→ **EXERCISE REQUIREMENTS**
Since pictures are not part of the copy, please output only the lines from the one with "Eenmaal boven kon" through the end of the data below, exactly as written.

### INPUT DATA

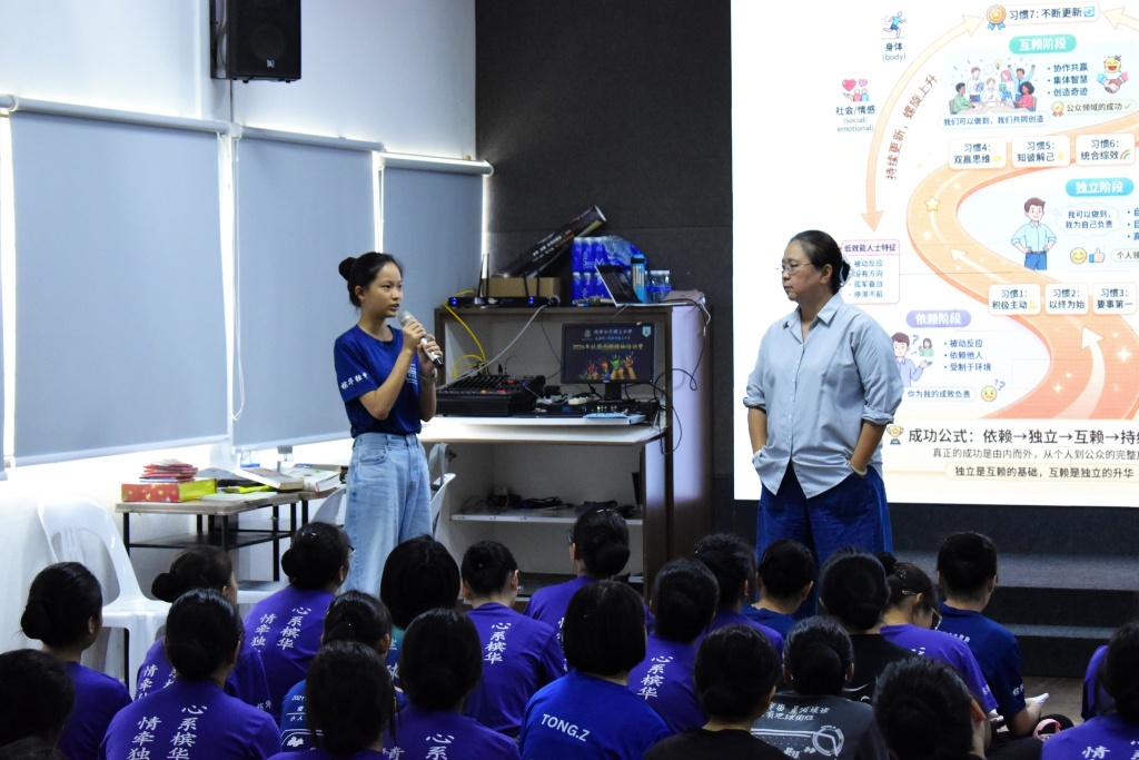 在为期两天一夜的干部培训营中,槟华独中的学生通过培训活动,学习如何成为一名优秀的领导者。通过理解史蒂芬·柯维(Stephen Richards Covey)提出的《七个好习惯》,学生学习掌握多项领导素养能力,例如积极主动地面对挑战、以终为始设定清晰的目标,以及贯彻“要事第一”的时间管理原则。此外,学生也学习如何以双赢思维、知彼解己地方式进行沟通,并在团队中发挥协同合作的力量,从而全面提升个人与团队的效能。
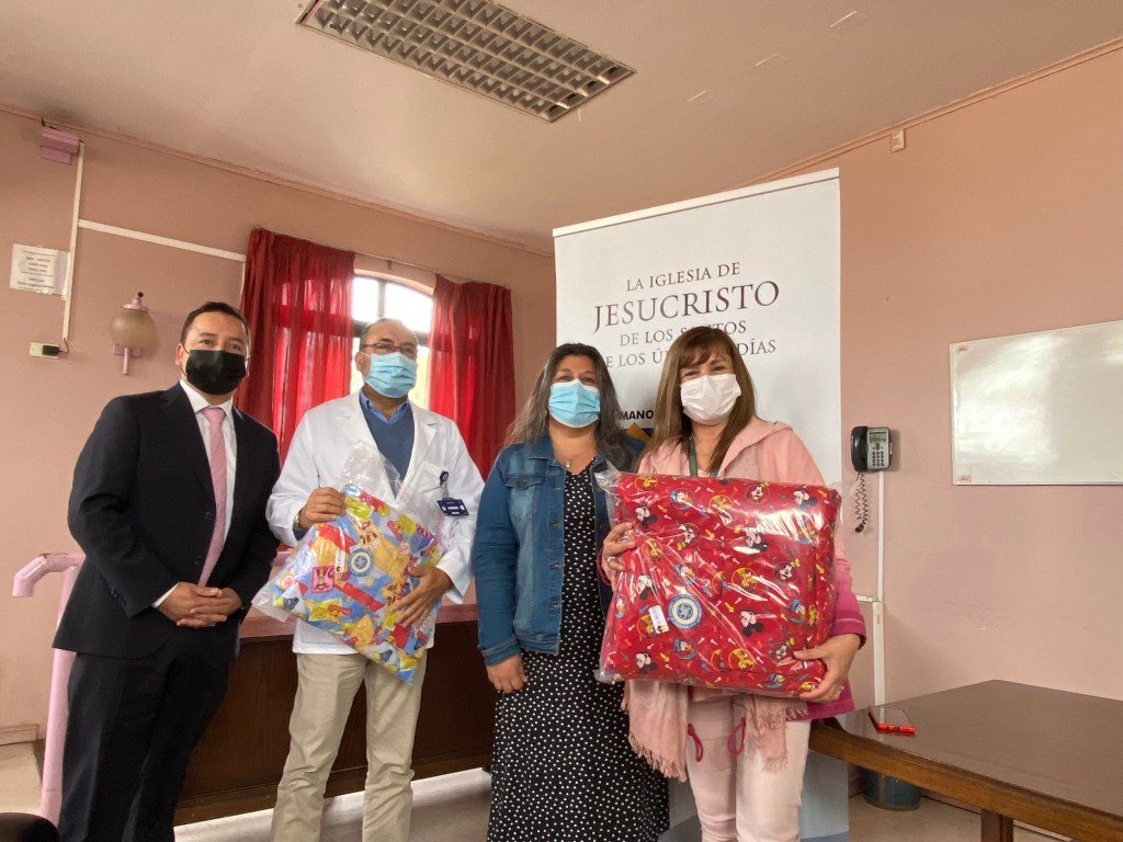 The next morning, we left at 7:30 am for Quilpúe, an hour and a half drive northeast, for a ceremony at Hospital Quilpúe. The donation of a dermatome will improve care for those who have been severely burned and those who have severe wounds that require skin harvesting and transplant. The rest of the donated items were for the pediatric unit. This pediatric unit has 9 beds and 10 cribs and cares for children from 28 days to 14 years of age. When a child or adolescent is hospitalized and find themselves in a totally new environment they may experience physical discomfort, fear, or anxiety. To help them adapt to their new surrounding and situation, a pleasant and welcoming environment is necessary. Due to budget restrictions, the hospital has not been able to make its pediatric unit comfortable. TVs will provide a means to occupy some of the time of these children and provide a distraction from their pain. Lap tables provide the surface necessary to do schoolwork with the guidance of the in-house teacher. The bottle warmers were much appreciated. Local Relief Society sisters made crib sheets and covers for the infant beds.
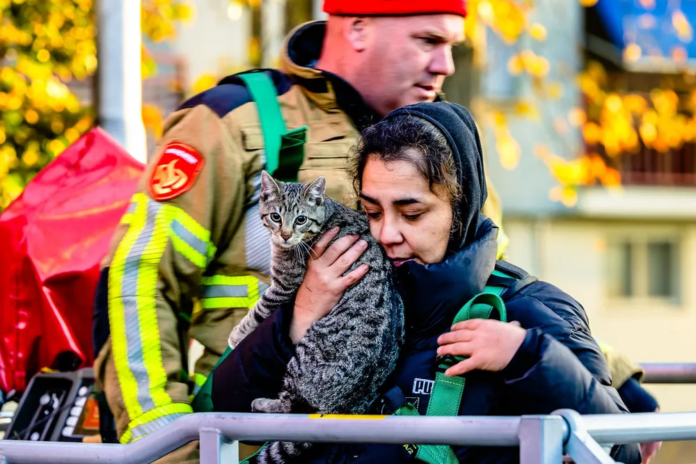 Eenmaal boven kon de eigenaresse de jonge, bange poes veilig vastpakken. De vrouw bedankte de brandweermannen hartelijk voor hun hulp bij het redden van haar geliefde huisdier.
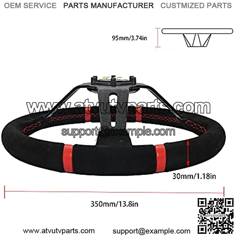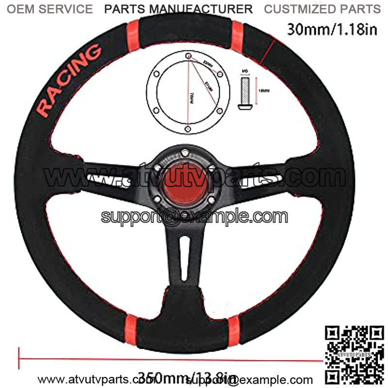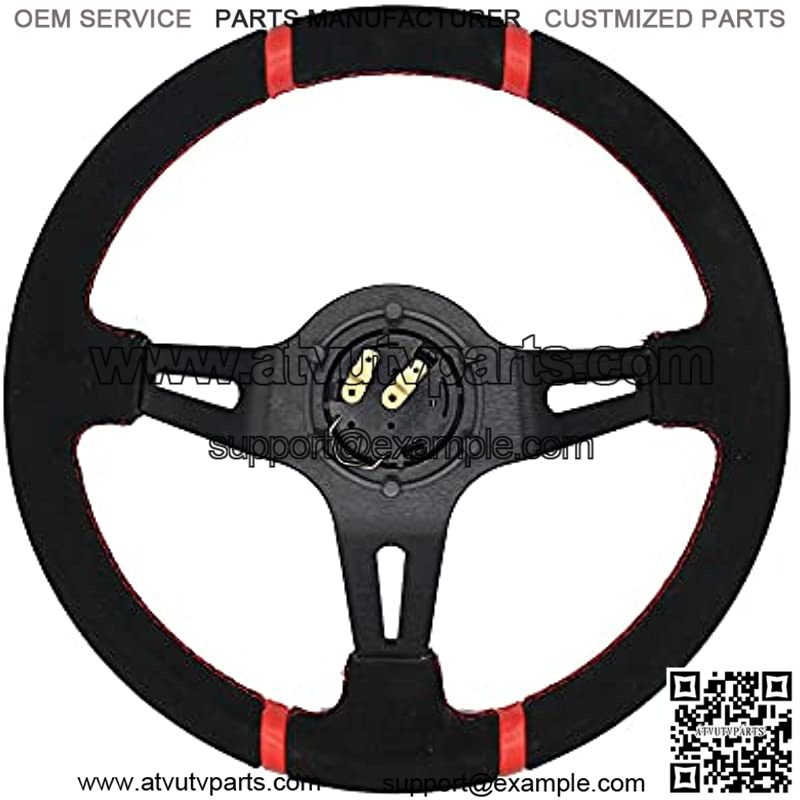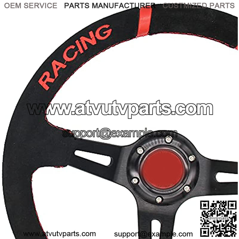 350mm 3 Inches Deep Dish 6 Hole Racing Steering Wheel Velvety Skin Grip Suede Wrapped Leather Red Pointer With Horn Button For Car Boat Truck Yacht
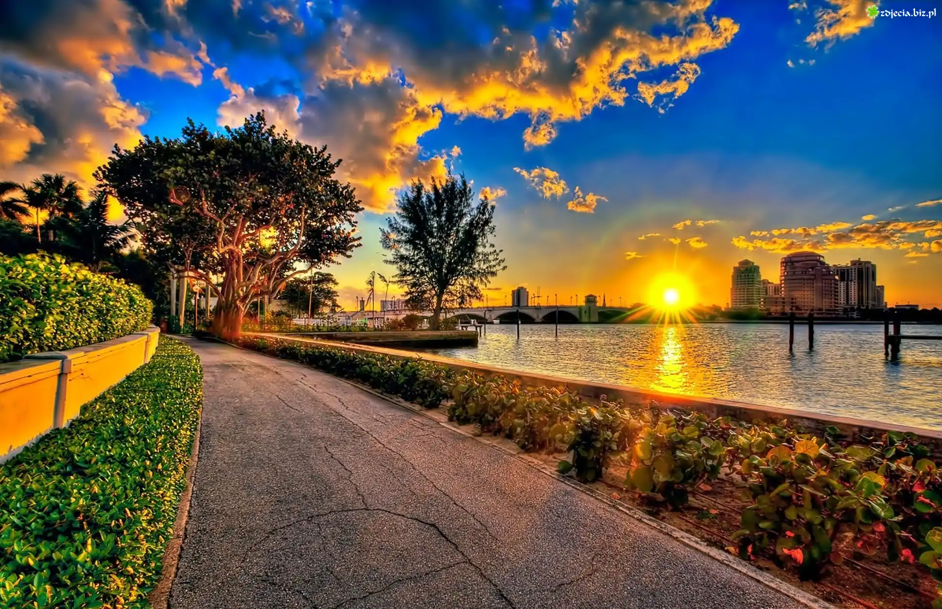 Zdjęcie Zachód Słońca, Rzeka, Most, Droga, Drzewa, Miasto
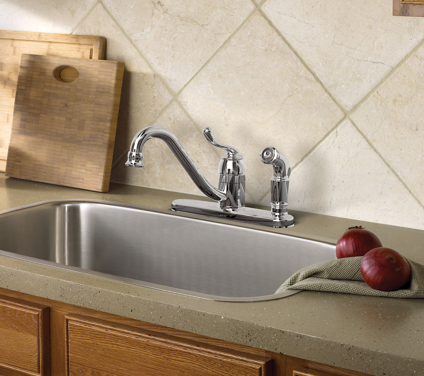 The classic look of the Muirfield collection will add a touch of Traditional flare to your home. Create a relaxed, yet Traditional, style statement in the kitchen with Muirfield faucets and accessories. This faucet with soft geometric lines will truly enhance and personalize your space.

######

→ **RESPONSE AREA**
 Eenmaal boven kon de eigenaresse de jonge, bange poes veilig vastpakken. De vrouw bedankte de brandweermannen hartelijk voor hun hulp bij het redden van haar geliefde huisdier.
 350mm 3 Inches Deep Dish 6 Hole Racing Steering Wheel Velvety Skin Grip Suede Wrapped Leather Red Pointer With Horn Button For Car Boat Truck Yacht
 Zdjęcie Zachód Słońca, Rzeka, Most, Droga, Drzewa, Miasto
 The classic look of the Muirfield collection will add a touch of Traditional flare to your home. Create a relaxed, yet Traditional, style statement in the kitchen with Muirfield faucets and accessories. This faucet with soft geometric lines will truly enhance and personalize your space.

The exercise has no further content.